И тихо совсем: ну, может быть, не в бессмертье, но в иной для нее отсчет.

Дерево какое-то инфернально-конфорочное. Синим пламенем. И никого в доме. Один попугай – на верхней ветке. И клюв разинут. Надо бы помолчать. С конца листаю. Словарик.

Ашока – беспечальное дерево с оранжево-алыми цветами.

Бетель – род перца, употребляющийся в Индии для жевания.

Валакхильи – мудрецы-небожители ростом с большой палец руки.

Гандхарвы – полубоги низшего класса, небесные музыканты.

Ганеша – слоноголовый бог, сын Шивы и Парвати.

Да, с Ганешей хороша история. Возвращается Шива из долгих странствий к жене, а у той Телемак подрос. А Шива решил – любовник, и отсек сыну голову. И еще вовремя спохватился: пока жизнь не вытекла, нахлобучил ему на остывающую шею первое, что попалось под руку. С хоботом. Кто б мог подумать, что этот мутантик станет всенародным любимцем, индийским Николкой чудотворным.

Гаруда – царь птиц и ездовое животное (вахана) Вишну.

Гаятри – "песня", жена Творца и мать четырех вед.

Дакша – сын Брахмы, соучастник творения мира.

То есть творили с сыном и с песней – как наш друг Шушелькума.

Попугай вспорхнул, тишины не вынес.

А за тем ашрамом, где полутыщеголовый старец сидит, следующий ашрам

– стена к стене, а за ним – еще и еще, и так – на километры вдоль реки, и в каждом дворе – эти медитативные бдения у головы…

А к Ксении – как ни подступался с этим вопросом, и все никак, нервничает, уворачивается.

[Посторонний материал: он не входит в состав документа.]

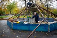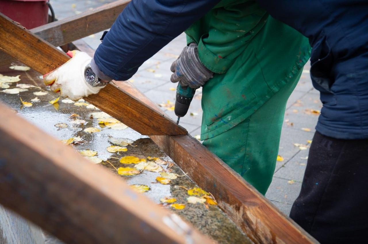 После завершения этапа подготовительных работ специалисты накрыли чашу фонтана деревянной конструкцией, чтобы защитить оборудование от повреждения зимой.
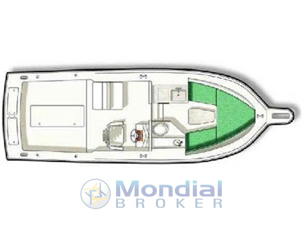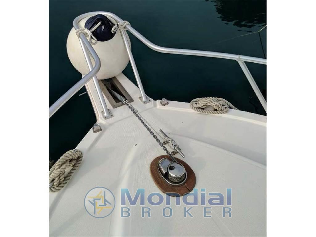 tuna tower con seconda guida, vasca per esca viva e pescato, cuscineria completa, tendalini trasparenti a chiusura, salpa ancora elettrico,

Может, я из этого состояния медитации с детства не выхожу. Что значит это невыразимо? Ох уж этот напущенный дымок-туманец. И ее не возносит, и мне лишь глаза ест.

И вышел Он, развел руками и сказал: это невыразимо. Вот и вся история о несотвореньи.

Дашагрива – "имеющий десять шей", прозвище Раваны.

Да, оба наши – и грива, и Даша.

А Амир смог. И ведь ее речь не плоше. Значит? Другой отсчет, значит, как она говорит.

Джахну – легендарный мудрец, выпивший воды Ганги.

Дхарма – бог справедливости и благочестия, часто отождествляемый с Ямой.

То есть с богом смерти – тем, кто черной петелькой выуживает души.

Очень благочестиво. Я-то думал, что дхарма… Ага, вот.

Кальпа – "день Брахмы", составляющий 1000 махаюг, или 4 320 000 000 человеческих лет; в конце кальпы происходит уничтожение мира

(пралая), затем наступает "ночь Брахмы", длящаяся столько же, сколько "день", затем новое творенье и новая кальпа.

4,5 млрд. лет – полураспад урана, возраст земли. Мало того, что ноль придумали, так еще и скальпу сканировали. Уж близится. А Брахмана все нет. Два подлетели, сели, перегнулись с ветки, смотрят.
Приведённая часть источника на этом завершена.